Given the uncertainty of whether bNAbs can be induced via a vaccine, researchers are also venturing into the uncharted territories of gene therapy, which combined with the new generation of bNAbs has opened up new options. Gene therapy protocols are being developed to potentially deliver bNAb over long periods of time; the idea is that a sufficient amount of bNAbs present at the time of exposure might be able to prevent HIV-1 infection altogether. This concept is supported by numerous observations that passive administration of bNAbs to rhesus macaques at high concentrations can prevent mucosal SHIV infection [55]. One question that remains is whether bNAbs generated by passive administration, gene therapy, and immunization will all have the same protective potential [56– 59]. As proof of concept, adeno-associated virus (AAV) has recently been used as a vector to deliver the genetic material that encodes VRC07, a CD4bs bNAb, into humanized mice and rhesus macaques. Both animal models showed that this mode of antibody delivery could protect from a mucosal challenge [60, 61]. Gardner et al. took this concept a step further, creating a novel chimeric antibody that is more potent and broad than even the best bNAbs [62]. This construct, eCD4-Ig, combines the broad recognition ability of CD4 (a receptor essential for all HIV-1, HIV-2, and simian immunodeficiency virus [SIV] variants) with a sulfated peptide that mimics the co-receptor CCR5. When AAV was used to deliver eCD4-Ig to rhesus macaques, the animals showed no sign of infection for the duration of the study (40 weeks post-therapy), despite escalating intravenous challenges. This represents a stellar example of how a strong basic research program can lead to innovative and promising approaches [63– 67].
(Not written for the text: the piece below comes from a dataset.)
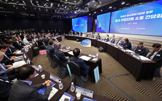 한성숙 중소기업벤처기업부 장관이 지난 7월 서울 여의도 중소기업중앙회에서 열린 중소기업단체 소통 간담회에서 발언하고 있다. 뉴스1 |

Given the difficulties in delivering bNAbs discussed above or in eliciting them by vaccination, some researchers are staying the course to a vaccine by developing approaches to protect against HIV-1 without bNAb. One alternative is to generate antibodies capable of mediating antibody-dependent cellular cytotoxicity (ADCC). Although the RV144 vaccine trial generated antibody responses with minimal neutralization capabilities, these same antibodies were capable of mediating ADCC [68]. Thus, it is worth revisiting the protective potential of non-neutralizing antibodies, which could be more amenable to elicitation by a vaccine [57, 69– 71]. Another option is to delve into the antibody ontogeny of more HIV-1-infected patients, looking for more attainable antibody goals as well as identifying viral and immunological roadblocks that prevent the development of neutralization breadth. Rather than trying to coax the immune system into making rare antibodies, one could focus on strategies to elicit antibodies with moderate breadth, limited somatic hypermutation, typical CDR H3 lengths, and commonly used VH germline precursors [72]. Perhaps eliciting combinations of these more common types of antibodies would provide some level of protection in the end.

Summary

The past several years have seen major advances in terms of antibody-mediated protection and therapy against HIV-1. bNAbs, though rare, are generated in multiple HIV-1-infected individuals. Insight into bNAb ontogeny during natural infection has revealed novel strategies for vaccination, but at the same time these studies have highlighted the difficulties that will need to be overcome. Other avenues for passive therapy and protection have become possible because of the new generation of bNAbs, some of which can neutralize up to 90% of genetically diverse isolates tested and could be even more effective when combined optimally [73]. Innovative design of Env immunogens, chimeric antibodies, and enhanced bNAbs may also yield protective or therapeutic benefits. Finally, bNAb-independent approaches that involve more moderate neutralization breadth or non-neutralizing effector functions may also hold promise.

Abbreviations

AAV, adeno-associated virus; ADCC, antibody-dependent cellular cytotoxicity; bNAb, broadly neutralizing antibody; CD4bs, CD4-binding site; CDR H3, complementarity determining region H3; Env, envelope glycoprotein; SHIV, chimeric simian-human immunodeficiency virus; V1V2, gp120 hyper-variable domains 1 and 2; V3, gp120 variable domain 3; VH, immunoglobulin variable domain heavy-chain segment.